One of the highlights of a major new retrospective at Tate Modern in London called "Alighiero Boetti: Game Plan" is a room of large textile maps of the world designed by Boetti but embroidered by weavers in Afghanistan and, later Pakistan.
In the "Mappa", each country is filled with the design of its national flag, meaning the tapestries reflect geo-political changes as they happened between 1971 and 1994, the year of Boetti's death.
In a 1983 example, Afghanistan is left blank, reflecting uncertainty over the sovereignty of the country under Soviet occupation.
And in another from 1979, a map was returned from Afghanistan with a pink ocean, reflecting the embroiderers' lack of familiarity with traditional maps and the fact that they came from a land-locked country.
"Boetti loved this intrusion of chance into the design and from then on left it to the makers to chose which colour to use for the seas," Tate said in its guide to the show, which runs from February 28-May 27.
Boetti's interest in Afghanistan was not just remote.

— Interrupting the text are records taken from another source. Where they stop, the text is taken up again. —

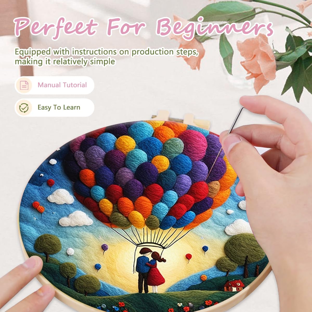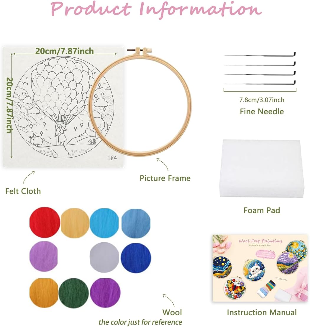 Needle Felting Kit Beginner, Easy Needle Felting Wool with Picture Frame, Foam Pad, Instructions, and Felt Cloth, Great Gift Decoration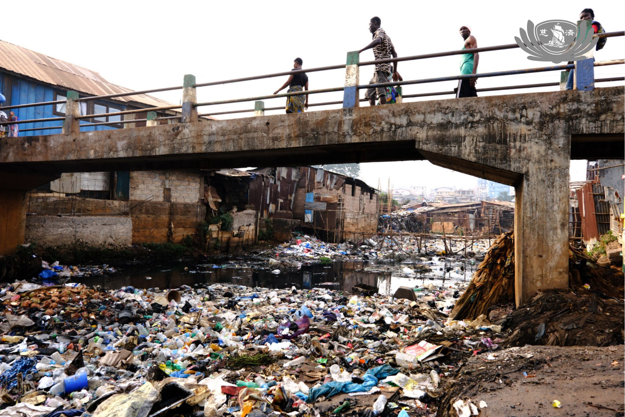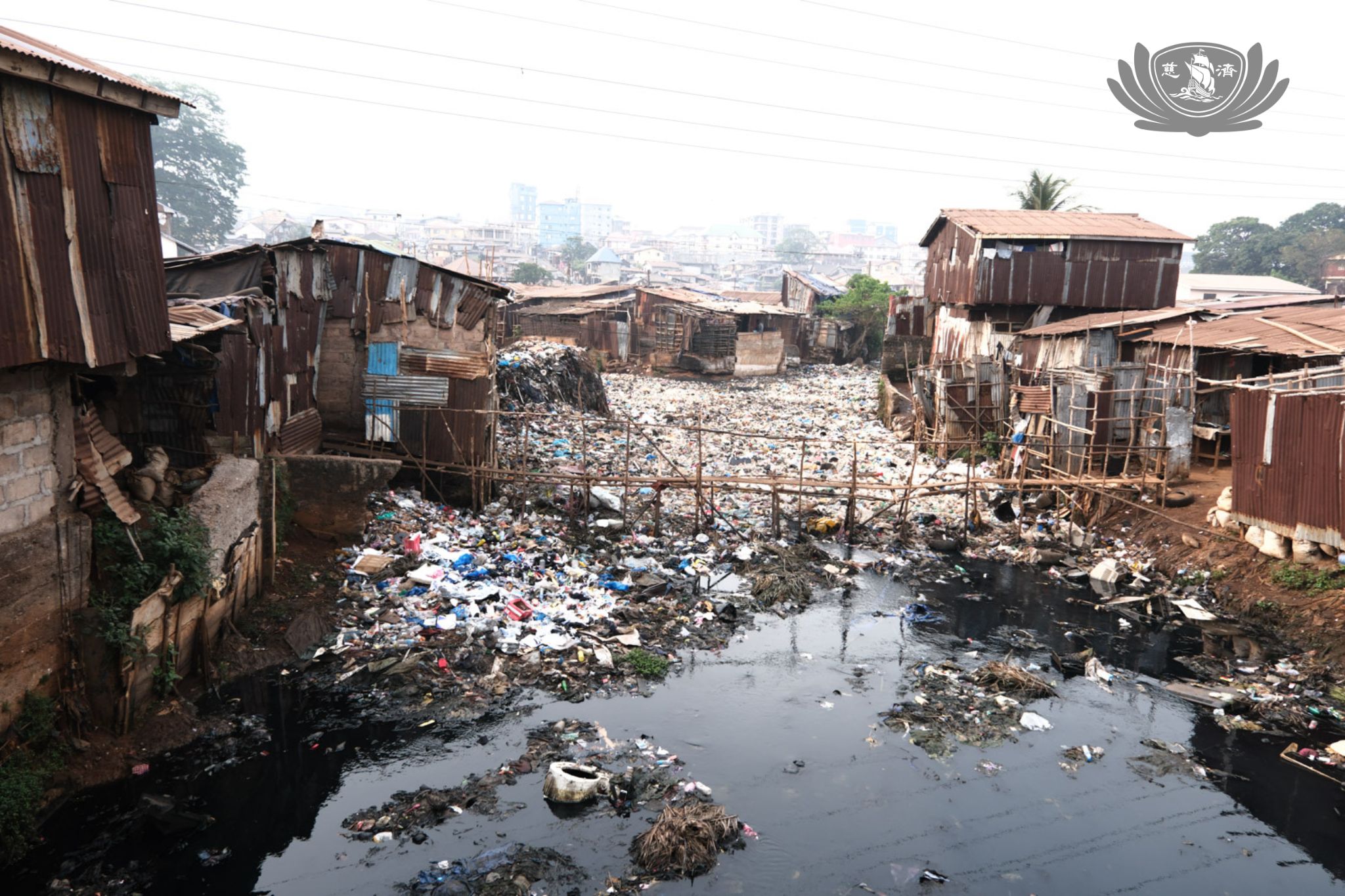 社區領袖在場邊迎接,帶著團隊穿越小巷、過橋,來到廁所與淋浴間的預定地。現有淋浴設施以鏽鋅片和木棍搭建,居民需從大水箱提桶盥洗。用水約每桶10利昂,隨水廠供價浮動。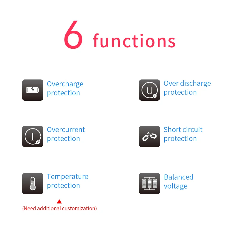 Основные функции: защита от перезарядки, защита от разрядки, защита от перегрузки по току, защита от короткого замыкания, защита от температуры и т. д.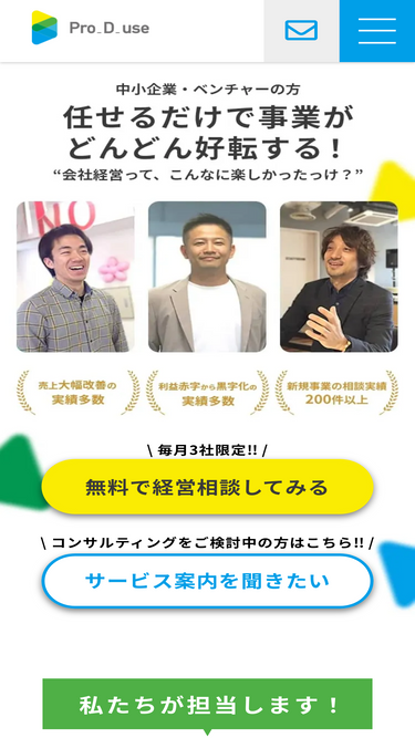 77%株式会社Pro-D-useについて、よく頂くご質問(Q&A)を紹介します。具体的には、提供サービスや経営コンサルタント、依頼内容、費用、サービスの流れ・利用方法や契約についてご紹介します。

He travelled there twice a year between 1971 and 1979, when he was prevented from going any more by the Soviet invasion.
During the 1970s he set up the One Hotel in Kabul with his friend and business partner Gholam Dastaghir as a kind of artistic commune, and after 1979 he shifted the production of the map tapestries to Peshawar in Pakistan where many Afghans sought refuge.
The collaboration between Boetti and his embroiderers reflected his fascination with what it meant to work with people from other cultures.

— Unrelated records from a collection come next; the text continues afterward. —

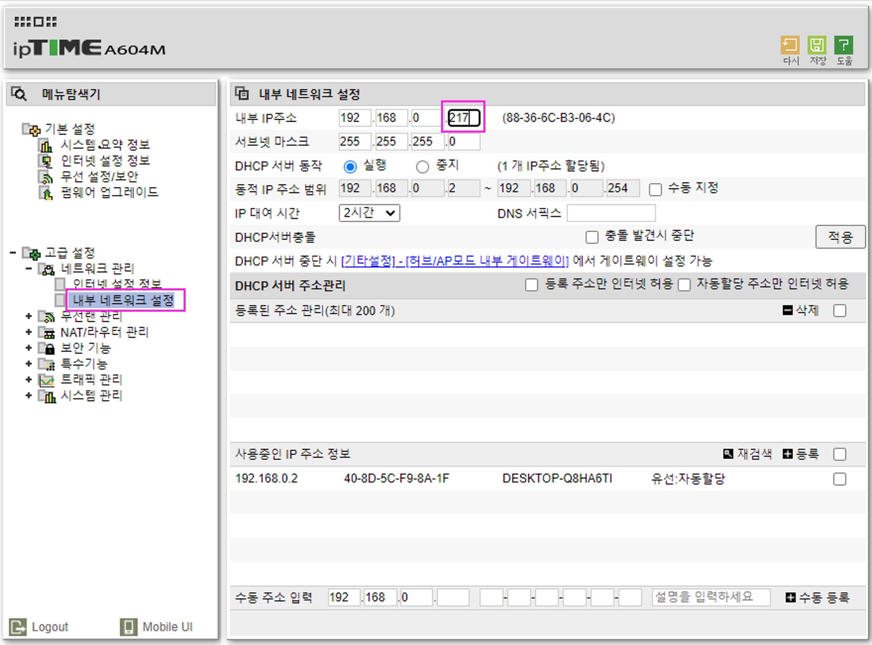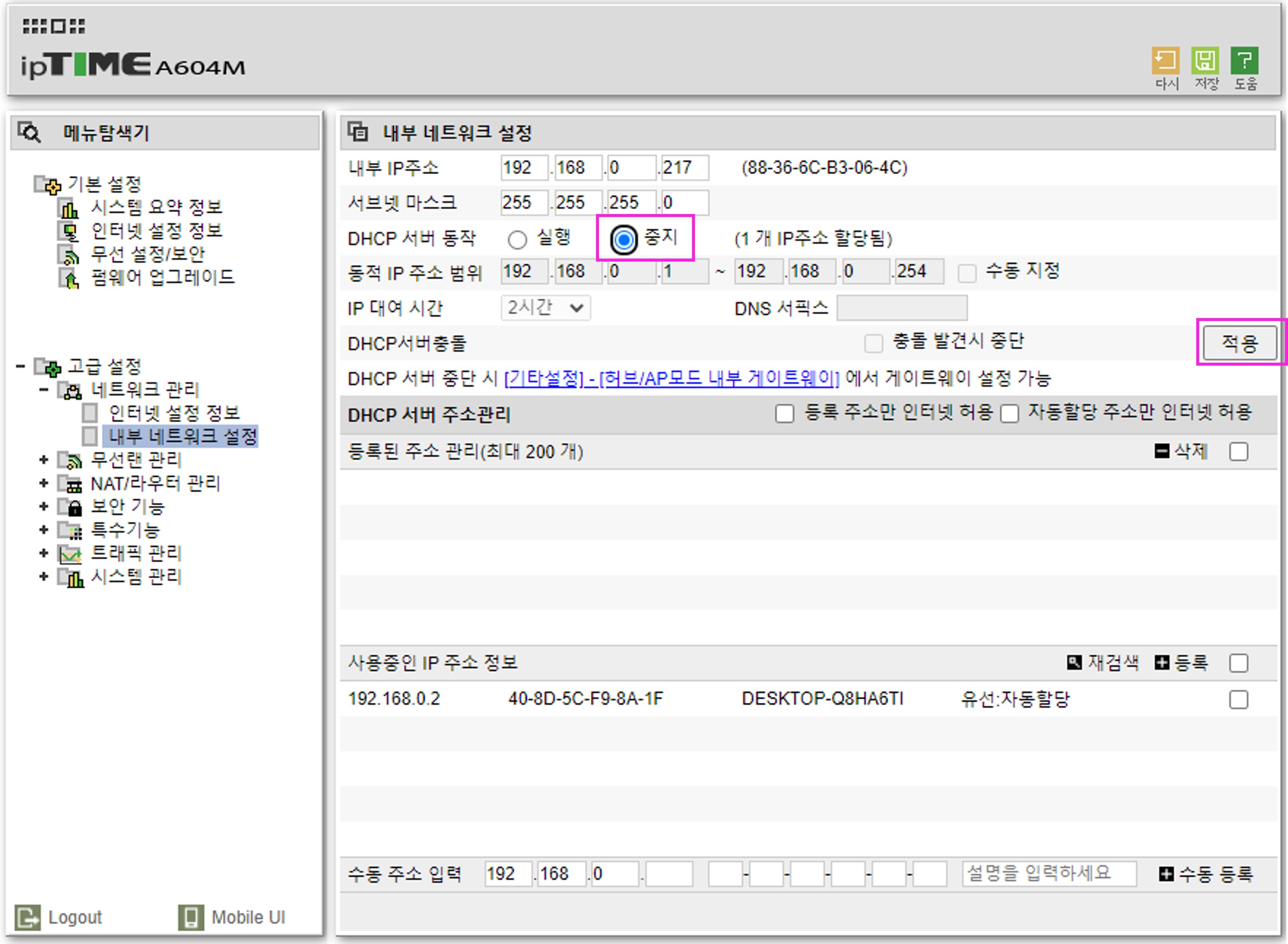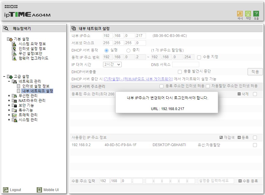 4. [관리도구] - [고급설정] - [네트워크관리] - [내부네트워크 설정]을 클릭하고, 내부IP주소의 끝자리를 가장 사용하지 않을법한 번호 (예를들어 217)로 바꾸어 입력합니다. [적용 후 시스템 다시 시작] 버튼을 클릭합니다.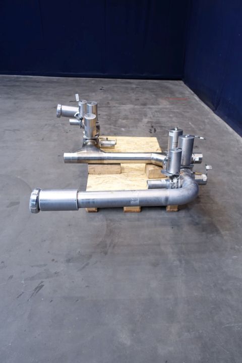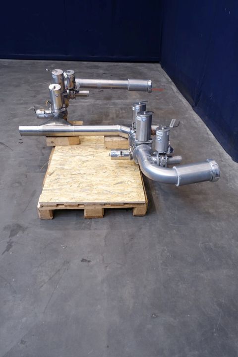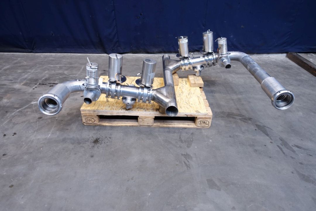 2x Trouser pieces, 100 mm. 8x pneumatic valves, 4x DN100 + 4x DN65. 2x outlets DN100 SMS.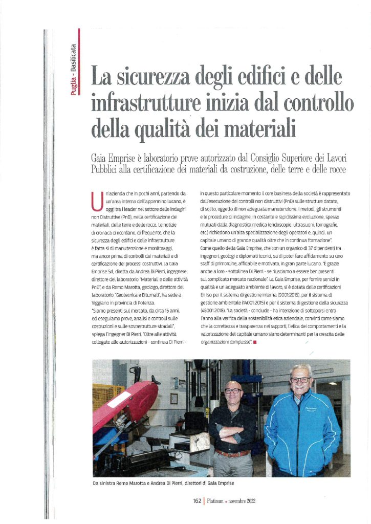 La sicurezza degli edifici e delle infrastrutture inizia dal controllo della qualità dei materiali (Platinum)
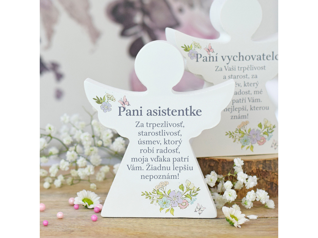 Dárkový anděl - Paní asistentce (s květinami) SK

It also raised questions about authorship and authenticity in art which continue to this day with the likes of Damien Hirst and his spot paintings, which are almost exclusively executed by employees.

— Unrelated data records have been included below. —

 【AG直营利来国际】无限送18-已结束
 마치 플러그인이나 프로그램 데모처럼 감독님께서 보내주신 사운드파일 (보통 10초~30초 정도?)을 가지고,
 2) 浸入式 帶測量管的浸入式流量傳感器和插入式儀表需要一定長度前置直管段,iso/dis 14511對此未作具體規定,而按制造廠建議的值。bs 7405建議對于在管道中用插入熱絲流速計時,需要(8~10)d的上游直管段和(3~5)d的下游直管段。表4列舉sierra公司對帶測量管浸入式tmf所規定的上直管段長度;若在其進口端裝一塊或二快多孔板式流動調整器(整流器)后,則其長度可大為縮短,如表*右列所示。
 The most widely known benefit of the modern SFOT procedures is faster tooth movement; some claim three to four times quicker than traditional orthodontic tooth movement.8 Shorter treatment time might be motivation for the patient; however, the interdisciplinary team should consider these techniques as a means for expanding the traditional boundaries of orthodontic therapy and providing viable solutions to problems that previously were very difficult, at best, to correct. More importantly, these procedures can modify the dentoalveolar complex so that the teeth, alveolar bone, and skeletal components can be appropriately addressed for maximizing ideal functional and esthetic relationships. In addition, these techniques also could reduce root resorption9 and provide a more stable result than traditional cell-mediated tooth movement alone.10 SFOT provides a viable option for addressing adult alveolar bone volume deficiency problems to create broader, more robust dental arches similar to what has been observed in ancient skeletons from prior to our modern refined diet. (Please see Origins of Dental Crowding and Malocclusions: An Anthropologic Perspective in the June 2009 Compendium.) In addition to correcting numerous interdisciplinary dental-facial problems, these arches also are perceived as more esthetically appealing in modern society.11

The exhibition opens chronologically -- going back to 1967 when Boetti announced his first solo exhibition in Turin and to 1969 when he began to call himself "Alighiero and Boetti" to reflect the artist's dual role as "shaman" and "showman".
The rest of the exhibition can be viewed in any order, grouping his oeuvre into maps, children's games, postal works, classification projects, planes, grids and drawings.
His preoccupation with time is exemplified in a 1967 work consisting of a lamp in a box which illuminates for 11 seconds every year, creating a heightened sense of expectation even though few people actually see it work.
Boetti's final self portrait, and his first work using cast bronze, is an image of the artist holding a hose that sprays water onto his head.
Because the head is heated, the water boils on contact creating a cloud of steam and portraying Boetti as a thinker with so many ideas that he needs to cool himself down.